Then `normalizeAndDedupe` merges rows that produce the same query, preserving the *widest* variant as the displayed `raw` and keeping the rest in a `variants` array (rendered as the `+N` hover badge).

### Exact vs. approximate

Google's search operators don't perfectly mirror robots.txt semantics, so every row carries an `approximate` flag:

- **`site:host/path`** is a *prefix match* — it will return `/path`, `/path/`, `/path/anything/...`. For a plain-prefix disallow that's exactly what we want; the count is an **upper bound** on URLs covered by the rule.
- **`inurl:term`** is a *substring match* that's case-insensitive. When the disallow has a mid-path wildcard, we use `inurl:` to approximate — but substring matching over-matches (any URL containing `term` anywhere, not just at the wildcard position). Loose match, usually an overestimate.
- **`$` end-of-URL anchor** means *exact match only* in robots.txt. We can't express that in Google's operators, so we drop the anchor and mark the row approximate.

A `~` prefix on the Results cell signals an approximate count to the reader; hovering the cell shows the reason.

### 1. Site-wide rules → skipped

| Pattern | Why skipped |
|---|---|
| `/` | Disallows the whole site. Not informative — a `site:host` count is just "how many URLs are indexed", independent of the rule. |
| `*` | Same as `/` semantically. |
| *empty* | "Allow everything"; dropped by the parser upstream, but the normalizer also guards. |

Skipped rows show in the table with a `⚠ ` status and dashes in Results.

### 2. Plain path prefix

| Pattern | Query | Approximate? |
|---|---|---|
| `/api` | `site:host/api` | no |
| `/api/` | `site:host/api/` | no |
| `/api/*` | `site:host/api/` | no |
| `/private/data` | `site:host/private/data` | no |
| `/search*` | `site:host/search` | no |
| `/de/search*` | `site:host/de/search` | no |
| `/search*/` | `site:host/search` | no |
| `/tag*/` | `site:host/tag` | no |

Trailing slashes are **preserved**, because in robots.txt `/api/` and `/api` are different rules:
- `Disallow: /api/` only blocks URLs under `/api/…` (e.g. `/api/users`).
- `Disallow: /api` blocks those plus `/api`, `/api.html`, `/api-legacy`, etc. — wider.

So `/api` becomes `site:host/api` (wide prefix) and `/api/` becomes `site:host/api/` (narrow prefix). `/api/*` is equivalent to `/api/` (the `*` matches anything including empty), so those two collapse into one row with a `+1` badge. `/api` stays in its own row.

`/search*` / `/tag*/` are trailing-wildcard patterns where there's no natural trailing slash in the prefix; they behave like broad prefixes.

This is the case where Google's `site:` operator cleanly matches the robots.txt pattern, so rows aren't marked approximate.

### 3. End-of-URL anchor (`$`)

| Pattern | Query | Approximate? |
|---|---|---|
| `/ro/cautare-harta$` | `site:host/ro/cautare-harta` | **yes** |
| `/foo$` | `site:host/foo` | **yes** |

The `$` means "this URL exactly, nothing longer." Google's `site:` can't express an exact URL, so we query the prefix and flag the row approximate — the count will include `/foo/anything` as well.
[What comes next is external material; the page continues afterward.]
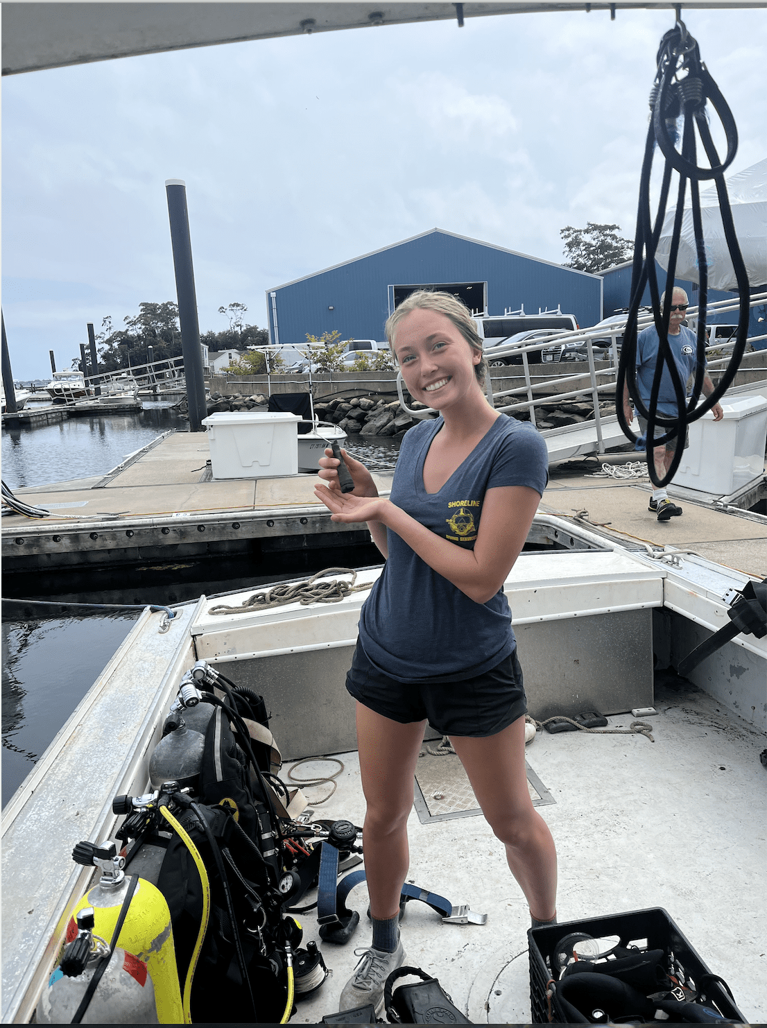 Nobody died in this wreck. The Onondaga ran aground on the reef, and all its crew were able to evacuate before the ship went down, but it took all its cargo with it. We kept searching until we reached the end of our dive and used the same mooring line to surface. Eric helped us out of the water and we headed to the next dive site. This was going to be the wreck of the Atlantic. The wind had picked up quite a bit though so it was hard to get our anchor to stay in one place. Rick and I got suited up and went to the anchor line and descended. Rick moved the anchor into a place where it would hold well for us, and then we tied off our reel and headed to the wreck. It was a little swim away since we couldn’t get the anchor to stay. As we were swimming there, the reel came to the end of its line, which is 185 feet of line. We had decided to use the reel for navigation, so we couldn’t go farther than it would reach, so we didn’t make it to the wreck. We explored the substrate and saw a lot of starfish and looked for lobsters underneath rocks. We headed back to the boat by reeling the reel in and using the anchor line to surface the same way we did on the previous dive.

Over-counts.

### 4. Filetype suffix

| Pattern | Query | Approximate? |
|---|---|---|
| `/*.pdf$` | `site:host filetype:pdf` | no |
| `*.json$` | `site:host filetype:json` | no |
| `/*.PDF$` | `site:host filetype:pdf` (lowercased) | no |
| `/img/*.jpg` | `site:host/img/ filetype:jpg` | no |
| `/img/*.PNG` | `site:host/img/ filetype:png` | no |
| `/img/*-wWIDTH*.jpg` | `site:host/img/ filetype:jpg inurl:wwidth` | yes |

Anywhere the wildcard segments include a literal `.ext`, it becomes `filetype:ext`. The pattern can be anchored at root (`*.json$`) or scoped to a subdirectory (`/img/*.jpg`). Extensions are lowercased so `*.JPG` and `*.jpg` dedupe.

### 5. Mid-path wildcard → `inurl:`

| Pattern | Query | Approximate? |
|---|---|---|
| `/private/*/edit` | `site:host/private/ inurl:edit` | yes |
| `/foo/*bar` | `site:host/foo/ inurl:bar` | yes |
| `/energieloesungen/*-form/` | `site:host/energieloesungen/ inurl:form` | yes |
| `/energieloesungen/social/*-form/` | `site:host/energieloesungen/social/ inurl:form` | yes |
| `/foo/*/bar/*/baz` | `site:host/foo/ inurl:bar inurl:baz` | yes |
| `/foo/*bar*bar` | `site:host/foo/ inurl:bar` (deduped) | yes |

The pattern is split on `*`. The first segment (if it starts with `/`) becomes a path prefix for `site:`. Every subsequent literal segment is sanitized — surrounding non-alphanumeric chars stripped, lowercased — and becomes an `inurl:` term. Duplicate terms are deduped.

Always approximate because `inurl:` is substring-based: a URL like `/private/reports/edit-history` would match `inurl:edit` even though it doesn't match the robots pattern.

### 6. Wildcard prefix

| Pattern | Query | Approximate? |
|---|---|---|
| `*/feed/*` | `site:host inurl:feed` | yes |
| `*/feed` | `site:host inurl:feed` | yes |

When the pattern doesn't start with `/`, there's no path prefix — every literal segment becomes an `inurl:` term against the full site.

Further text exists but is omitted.